The Pothole in Lane Three (and Why I Keep Hitting It)

I drive to work the same way every day. Same freeway. Same merge. Same three-lane shift over to my usual spot: the second-fastest lane. Not the slowest, not the fastest, just the steady lane where I can ride the flow of traffic without too much fuss. I know this route. I know this lane. And I know—without fail—that I’m going to hit a pothole.

It’s not just any pothole. It’s the pothole. The one that sits like a landmine in lane three. The one I somehow always manage to forget about until it's too late. Whether I’m doing 65 or crawling in bumper-to-bumper, it doesn’t matter. I hit it. Every time. And every time, it rattles me.

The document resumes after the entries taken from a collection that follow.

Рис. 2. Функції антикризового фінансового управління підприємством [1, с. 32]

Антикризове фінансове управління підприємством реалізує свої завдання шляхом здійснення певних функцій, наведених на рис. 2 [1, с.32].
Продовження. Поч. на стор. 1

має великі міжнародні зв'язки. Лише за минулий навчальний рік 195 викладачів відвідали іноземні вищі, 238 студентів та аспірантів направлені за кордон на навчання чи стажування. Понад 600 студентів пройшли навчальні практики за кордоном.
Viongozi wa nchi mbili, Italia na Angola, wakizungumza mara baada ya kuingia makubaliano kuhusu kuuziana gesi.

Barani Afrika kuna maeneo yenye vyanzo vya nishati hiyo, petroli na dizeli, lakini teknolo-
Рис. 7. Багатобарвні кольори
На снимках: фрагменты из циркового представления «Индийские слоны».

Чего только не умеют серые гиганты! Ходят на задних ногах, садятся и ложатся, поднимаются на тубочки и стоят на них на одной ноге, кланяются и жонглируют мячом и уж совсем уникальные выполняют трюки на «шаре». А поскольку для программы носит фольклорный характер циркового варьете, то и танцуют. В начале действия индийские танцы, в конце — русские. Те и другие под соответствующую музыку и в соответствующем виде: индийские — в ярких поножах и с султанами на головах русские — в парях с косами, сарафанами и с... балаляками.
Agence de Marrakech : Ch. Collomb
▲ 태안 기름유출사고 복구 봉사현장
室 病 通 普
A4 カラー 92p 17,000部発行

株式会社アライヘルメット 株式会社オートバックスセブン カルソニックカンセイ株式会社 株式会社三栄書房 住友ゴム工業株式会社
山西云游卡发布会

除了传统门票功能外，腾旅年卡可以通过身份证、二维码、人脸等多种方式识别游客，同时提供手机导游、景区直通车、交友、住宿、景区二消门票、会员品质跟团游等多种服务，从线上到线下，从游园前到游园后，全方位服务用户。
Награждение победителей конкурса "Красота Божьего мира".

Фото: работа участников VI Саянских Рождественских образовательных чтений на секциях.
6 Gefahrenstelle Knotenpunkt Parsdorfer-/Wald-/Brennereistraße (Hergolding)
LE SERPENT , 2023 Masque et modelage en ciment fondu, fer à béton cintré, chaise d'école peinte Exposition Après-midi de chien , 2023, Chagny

You’d think I’d learn. I know where it is. I know it’s coming. I’ve tried everything—nudging over to the right side of the lane, skimming the left edge, even attempting to straddle it like I’m threading a needle with a Honda Civic. But without fail, there’s that thud. That jarring clunk that shoots up through my tires, into my seat, and somehow into my soul. And I find myself wincing, again: “Oh. There it was.”

I told a friend about this, and he burst out laughing. Because it’s ridiculous, right? It’s the definition of insanity: doing the same thing over and over again and expecting different results. And here I am, day after day, lane three, pothole.

But this morning, mid-thud, I had this thought: Isn’t this just… life?

I’m in one lane. One single lane. But I’ve got an entire freeway available to me—four full lanes and a carpool lane I can’t use (unless I suddenly take up carpool karaoke with a mannequin or something). And yet, I keep defaulting to this one lane, this one route, this one rhythm. Even though it doesn’t serve me. Even though it hurts.

What else am I doing this with?

I say I want to write children’s books. And I’ve got a finished manuscript. But I haven’t found an illustrator. Why? Because most nights, I get home, I’m tired, and I scroll. Instagram, mindless games, the bottomless binge-watch. Then I go to bed thinking, tomorrow I’ll change. And the next day? Groundhog Day. Same routine. Same lane. Same pothole.

There’s no rule that says I can’t get in a new lane. No sign saying, “Zach, you belong in lane three forever.” Change is there, available like an exit ramp that shows up every five miles. The real question is: Am I willing to take it?

We all do this, in some way. You want to write, but the remote is closer than the pen. You want to start that business, but first—just one more scroll, one more episode. The discomfort of change can be enough to keep us stuck in lane three indefinitely.

And every now and then, we get a few “good days.” We miss the pothole. Traffic flows. We think, Maybe I’ve figured it out. Maybe the lane isn’t so bad after all. But then—clunk. There it is again. The pothole. The wake-up call. The reminder.

And the most dangerous part? We start to externalize it. Why hasn’t the city fixed this yet? Meaning: Why hasn’t the world made it easier for me to not change? If the pothole were gone, I could stay in this lane. It’s their fault. Not mine.

But the truth is, the pothole isn’t the problem.

The problem is I keep choosing the same lane.

There’s a whole freeway out there. As Moana so wisely put it, “There’s more beyond the reef.” There’s more beyond lane three. There’s a faster lane. A slower lane. A lane with a smoother ride, or at least a different view. One where maybe I finally send that email to an illustrator. Or write a new page instead of watching another one.

So I’ll ask you what I asked myself:

Where in your life are you driving the same lane, hitting the same pothole, and pretending like it’s not a choice?

The lanes are open. The road is wide. You don’t have to stay in lane three forever.